In my last post on this issue, I decided to heap up what I see as the crucial data from Scripture that clarify who we will be one day. I wanted to follow up on this concept by taking a simpler approach.
Instead of quoting Church Fathers and establishing precedent from the Catholic Church, I think a very helpful approach is to see things from the other group's side. Stepping into someone else's shoes, it may be possible to show how even their view of the world is amenable to one's own view.
To really step into these shoes, I am going to quote a song that only a few in this world know. It's quite silly, but still I know that the majority of my friends from my home town who would care about this debate will remember its words.

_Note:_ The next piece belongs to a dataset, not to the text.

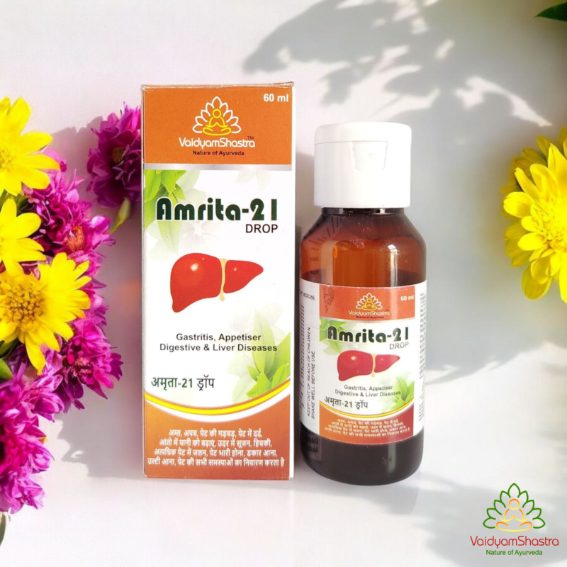 Vaidyam Shastra Ayurveda- Amrita-21 Drop- Hepatitis, Protect Liver & Digestion (For All Age)

I quote the part that I remember most clearly:
"more like you
less like me
make me more and more like you
less and less like me.
more like jesus
less like me-sus
at your name i bow my knees-us
to do what my master pleases"
Now I would probably faint if I ever stepped into a Catholic parish and heard this song being played, and there was a large period of time where I made fun of this entire genre and wrote it off completely.
But on a fundamental level, what do we as Christians mean when we utter such words? We understand what our Lord has in store for us. There is an element in which this will be true in this life, but most of us understand that ultimate transformation into His image will find its fulfillment on the other side of the grave.
Does this transformation undo our connections to each other?
How could we not be closer after this transformation?
Similarly, if you were to become more like Jesus would that make you more or less fervently passionate about helping your brethren? Would your prayer life resemble Our Lord in Gethsemane or the disciples who slept while He prayed (which is more often than not my own status)?
If these things are true, how much love must our brethren in heaven have for us?! We have only a glimpse of how much love and concern they must have for us, based on the moments when we die to our selves and live in union with Jesus. May those moments grow in depth and intensity, but the point is.....there is full union in heaven. What must that say about our departed brethren?
How could they worship our God who ever lives to make intercession for us and discard the same passion that He has for us while in His presence?
How could they not give Him glory by imitating Him. We do it here, why would they not do it there?
This brings us to the fundamental objection that saints in heaven can't hear us because of their finitude. True, they are finite, but they are united and transformed by the all-consuming love of the Father. Just as John felt compelled to worship the glorious angel who brought him messages in the book of Revelation, we would probably fall over if we met a saint who has been glorified.
If we will know even as we are known in heaven, what would that say about our grasp of the earth? That's the theme I hope to convey in a future post, but for now, consider what it means to be more like Jesus and less like "me-sus".